__Task to complete__: Below are records; print only the lines from the line containing "Tanto este proyecto" to the end, both included, reproduced exactly and without the pictures.

• • •

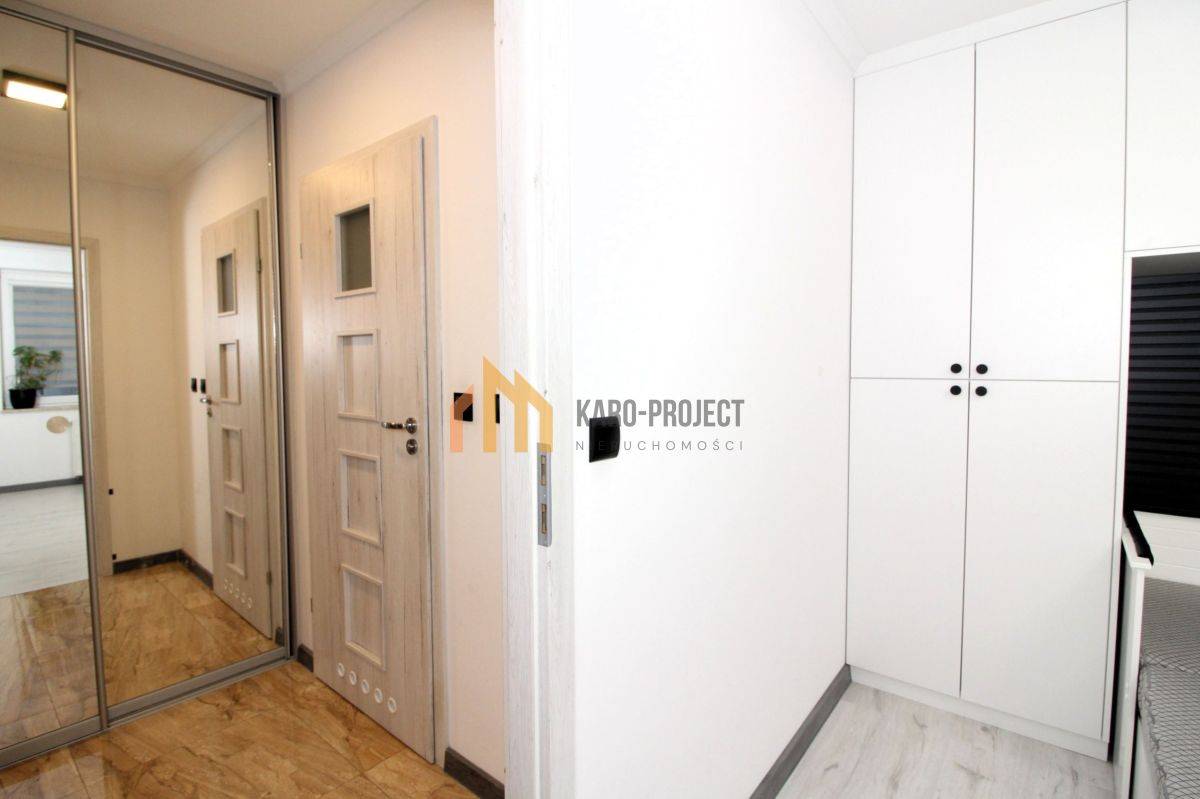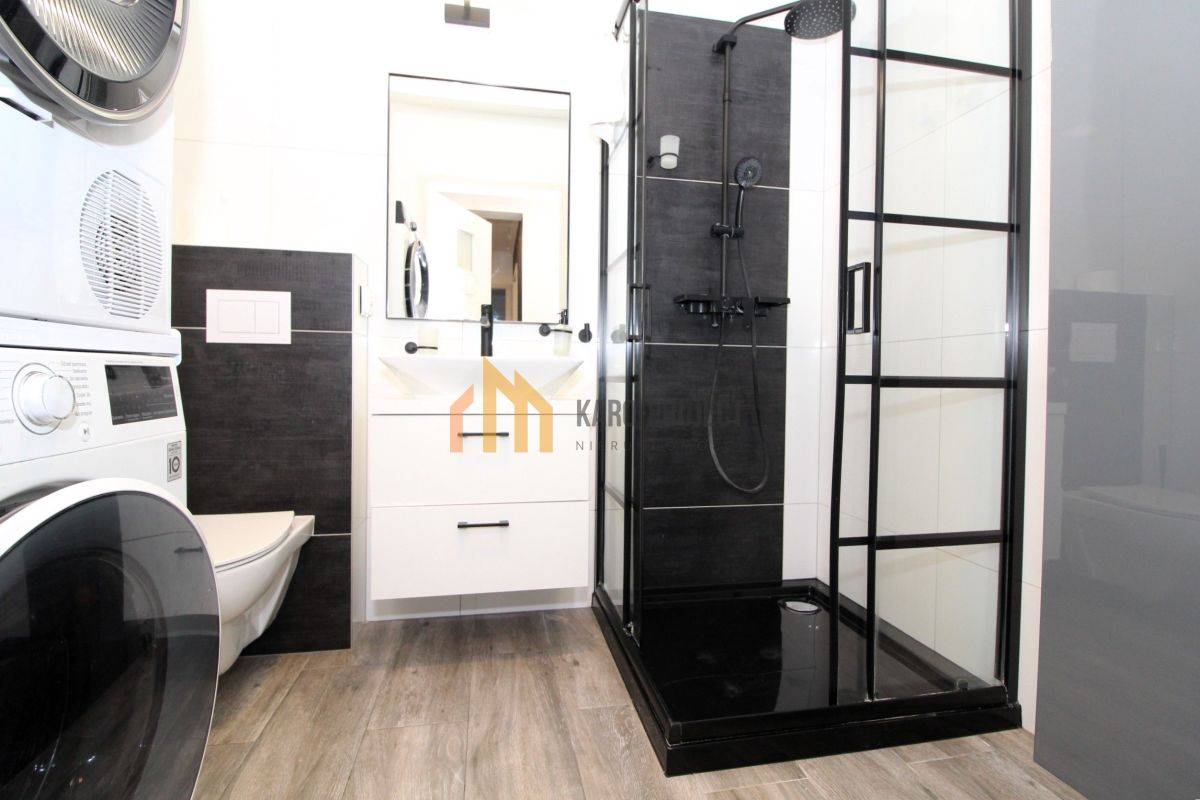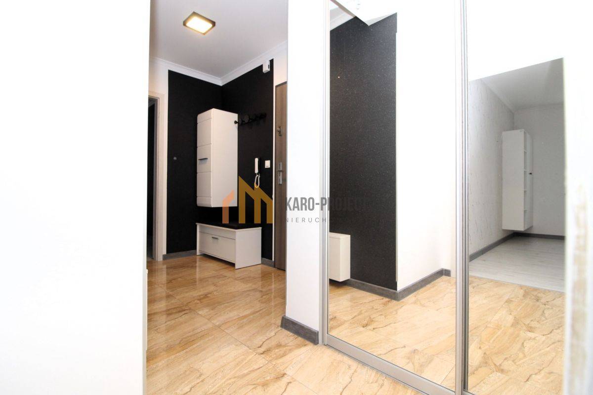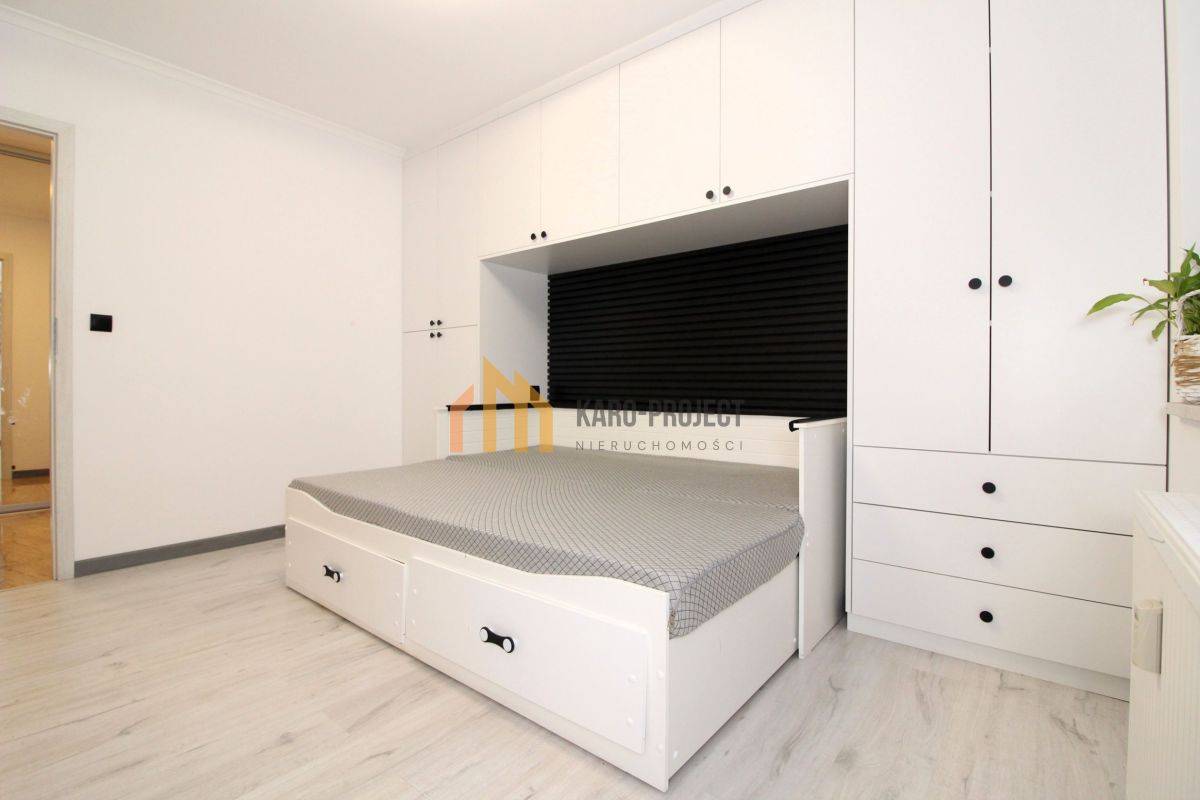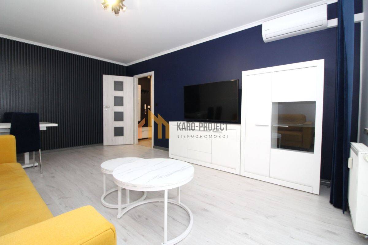 Przestronny pokój dzienny o powierzchni powyżej 20m2, umeblowany, z klimatyzacją. Oddzielna kuchnia w pełni wyposażona w sprzęt AGD (płyta indukcyjna, piekarnik, mikrofalówka, lodówka, zmywarka). Sypialnia o powierzchni około 12,5m2 z dużym łóżkiem i pełną zabudową na całej ścianie co zapewnia wiele miejsca do przechowywania. Łazienka z kabiną prysznicową oraz pralką i suszarką. W korytarzu znajduje się obszerna szafa z lustrami oraz inne przydatne elementy wyposażenia.
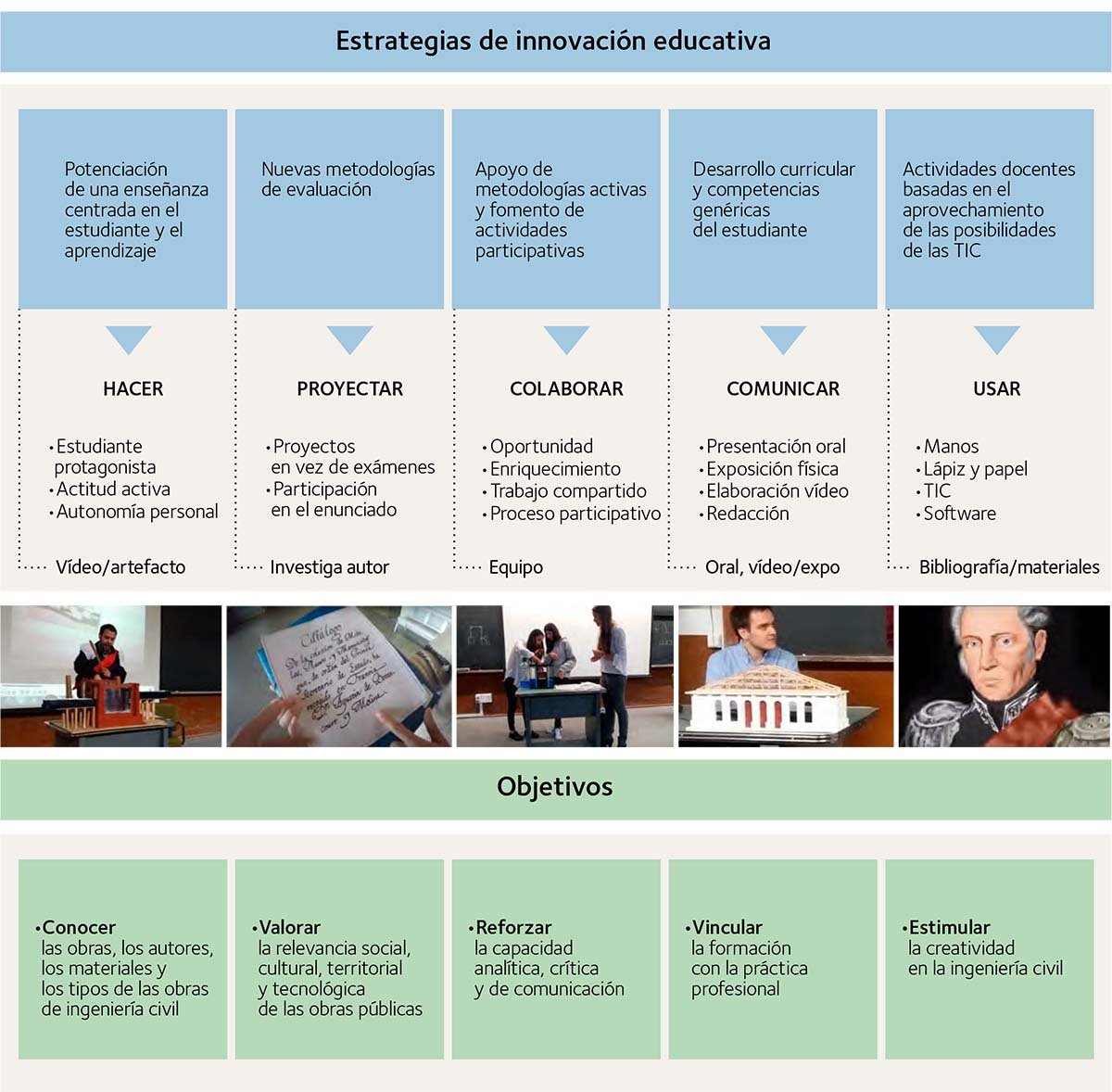 Tanto este proyecto como los otros realizados en la unidad docente de Historia, Arte y Estética de la Ingeniería Civil comparten las siguientes estrategias de innovación educativa:
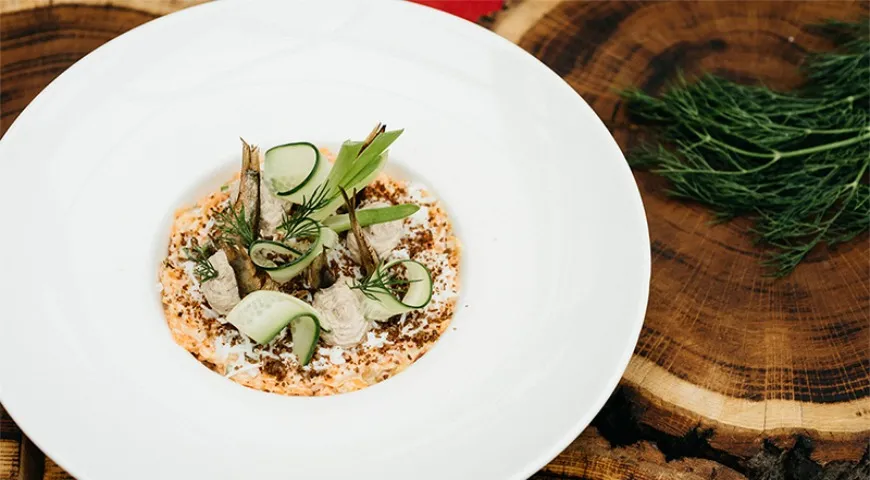 Из новых закусок меню ресторана «Бульон Крутон» – салат с говядиной пастрами (410 руб.) и со шпротами (230 руб.) плюс оригинальный вариант винегрета со скумбрией холодного копчения (350 руб.) и традиционная сельдь под шубой (340 руб.) в форме изысканных мини-рулетиков.
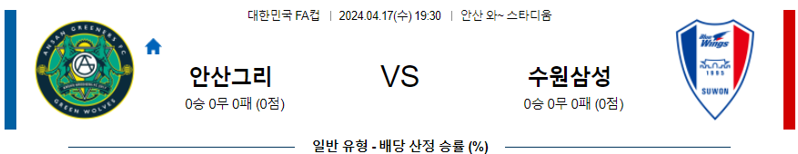 [킹콩티비] 04월 17일 안산 vs 수원삼성 대한민국FA컵 생중계, 스포츠분석,스포츠중계
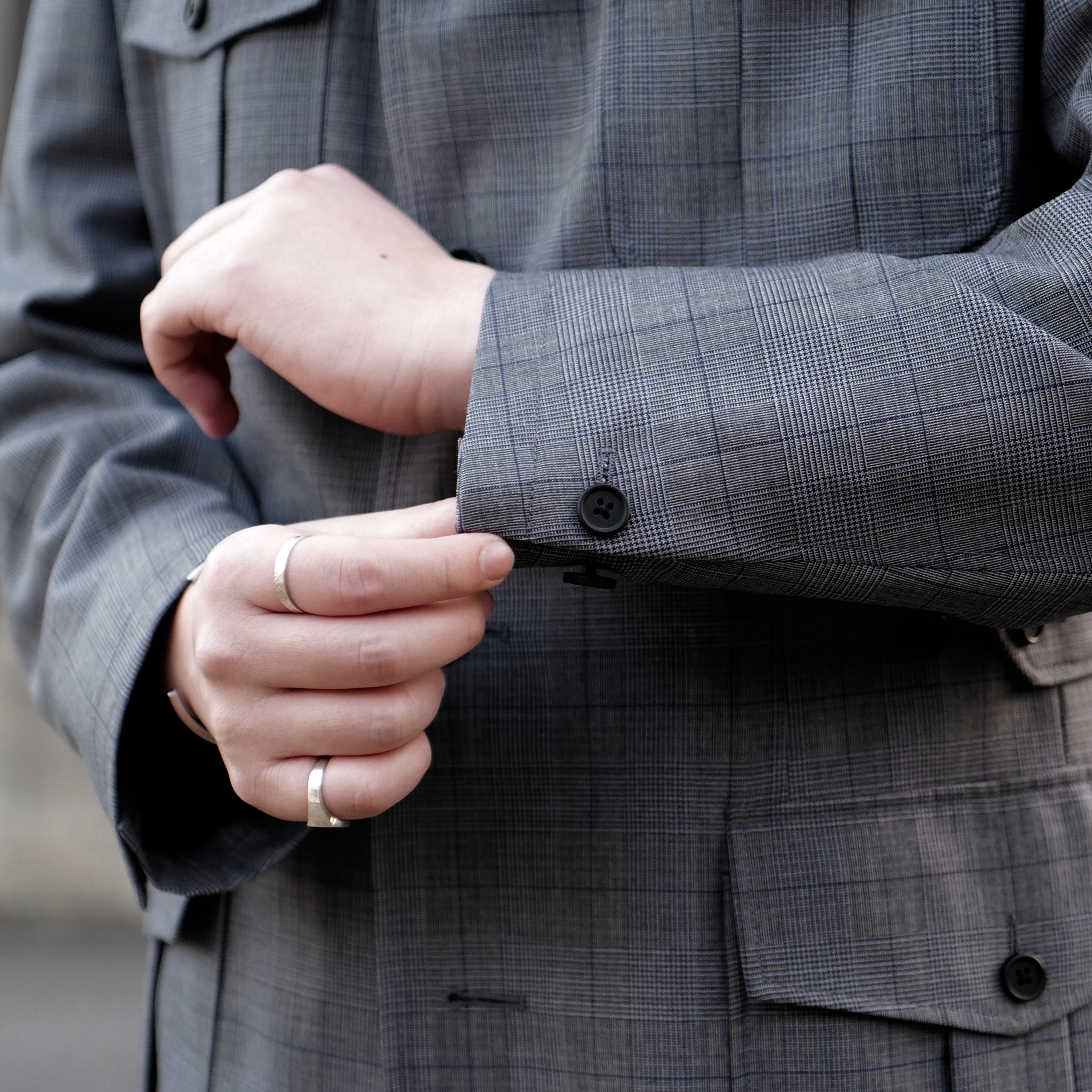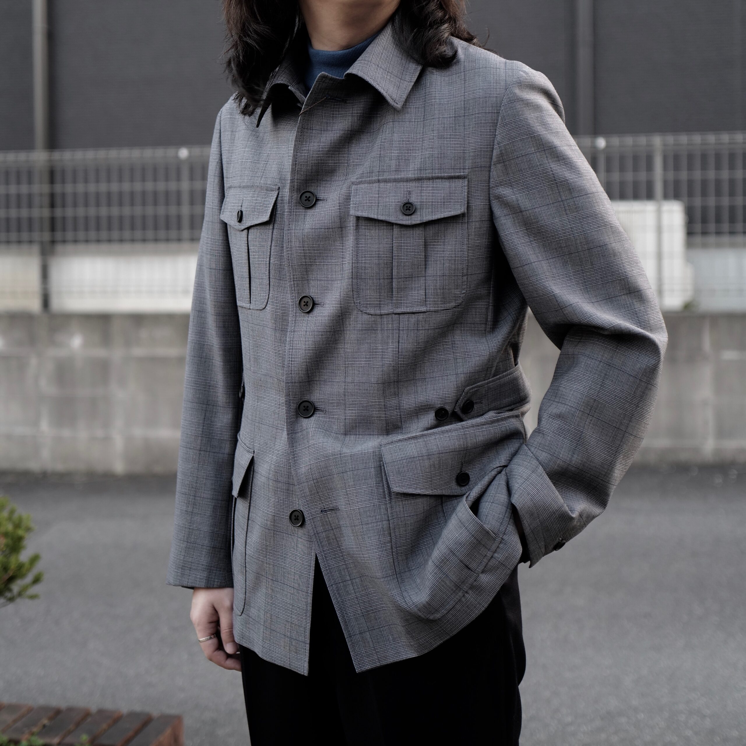 MODEL:カシェート別注グレンチェック柄サマーウールハンティングジャケット

• • •

__Task solution__:
 Tanto este proyecto como los otros realizados en la unidad docente de Historia, Arte y Estética de la Ingeniería Civil comparten las siguientes estrategias de innovación educativa:
 Из новых закусок меню ресторана «Бульон Крутон» – салат с говядиной пастрами (410 руб.) и со шпротами (230 руб.) плюс оригинальный вариант винегрета со скумбрией холодного копчения (350 руб.) и традиционная сельдь под шубой (340 руб.) в форме изысканных мини-рулетиков.
 [킹콩티비] 04월 17일 안산 vs 수원삼성 대한민국FA컵 생중계, 스포츠분석,스포츠중계
 MODEL:カシェート別注グレンチェック柄サマーウールハンティングジャケット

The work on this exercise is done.